Bencic trug auffällige Bandagen rund um ihr linkes Knie und hatte Mühe, sich auf dem Platz zu bewegen. Die Olympiasiegerin von Tokio 2021 schien nach dem ersten Satz kein weiteres Risiko eingehen zu wollen. In knapp zwei Wochen beginnt in New York das US Open.

Für Simona Waltert (WTA 87) endete das Turnier mit einer erwartbaren Niederlage. Die Bündnerin unterlag Pegula 3:6, 2:6. Die Amerikanerin, die wie Bencic in Cincinnati ein Freilos für die 1. Runde erhalten hatte, hatte das Geschehen stets im Griff. Die Schweizerin hatte vor allem Mühe bei eigenem Aufschlag, musste sechs Breaks hinnehmen und beging elf Doppelfehler. (hkl/sda)

Djokovic verliert bei Rückkehr
Novak Djokovic hat beim ATP-1000-Turnier in Cincinnati eine frühe Niederlage kassiert. Der 39-jährige Serbe verlor gegen den Argentinier Thiago Tirante, die Nummer 50 der Welt, mit 6:2, 4:6, 4:6.

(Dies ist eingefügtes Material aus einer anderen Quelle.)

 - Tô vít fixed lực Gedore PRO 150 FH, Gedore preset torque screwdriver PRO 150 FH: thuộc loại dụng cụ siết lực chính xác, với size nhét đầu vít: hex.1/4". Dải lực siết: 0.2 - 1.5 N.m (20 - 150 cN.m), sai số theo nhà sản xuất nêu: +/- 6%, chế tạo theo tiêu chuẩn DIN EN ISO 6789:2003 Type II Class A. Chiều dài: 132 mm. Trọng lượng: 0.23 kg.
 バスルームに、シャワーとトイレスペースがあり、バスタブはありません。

Djokovic, der als Nummer 3 der Setzliste mit einem Freilos ins Turnier gestartet war, hatte seit dem Halbfinal-Out in Wimbledon gegen Jannik Sinner keine Partie mehr auf der Tour bestritten. Gegen Tirante zeigte der Routinier einen überzeugenden ersten Satz, bevor der Südamerikaner mit den Breaks zum 4:3 im zweiten und zum 5:4 im dritten für den Unterschied sorgte. (ram/sda)
Douglass holt sich Weltrekord zurück
Kate Douglass stellte an den Pan-Pazifik-Meisterschaften im kalifornischen Irvine in 23,49 Sekunden einen Weltrekord über 50 m Crawl auf. Die 24-jährige Amerikanerin verbesserte die Bestmarke ihrer Landsfrau Gretchen Walsh um sechs Hundertstel. Walsh hatte diese erst Ende Juni in Rom aufgestellt und damit Douglass abgelöst. (ram/sda)
Deutscher Teenager schwimmt Weltrekord
Der Deutsche Johannes Liebmann (Bild) sorgte am zweitletzten Wettkampftag für den zweiten Weltrekord der Langbahn-EM in Paris. Der 19-Jährige unterbot über 1500 m Crawl in 14:26,79 Minuten die Bestmarke des Amerikaners Bobby Finke, aufgestellt bei dessen Olympiasieg vor zwei Jahren in Paris, um fast vier Sekunden. Silber sicherte sich der Ungar Zalan Sarkany. Bronze ging an Liebmanns Landsmann Oliver Klemet.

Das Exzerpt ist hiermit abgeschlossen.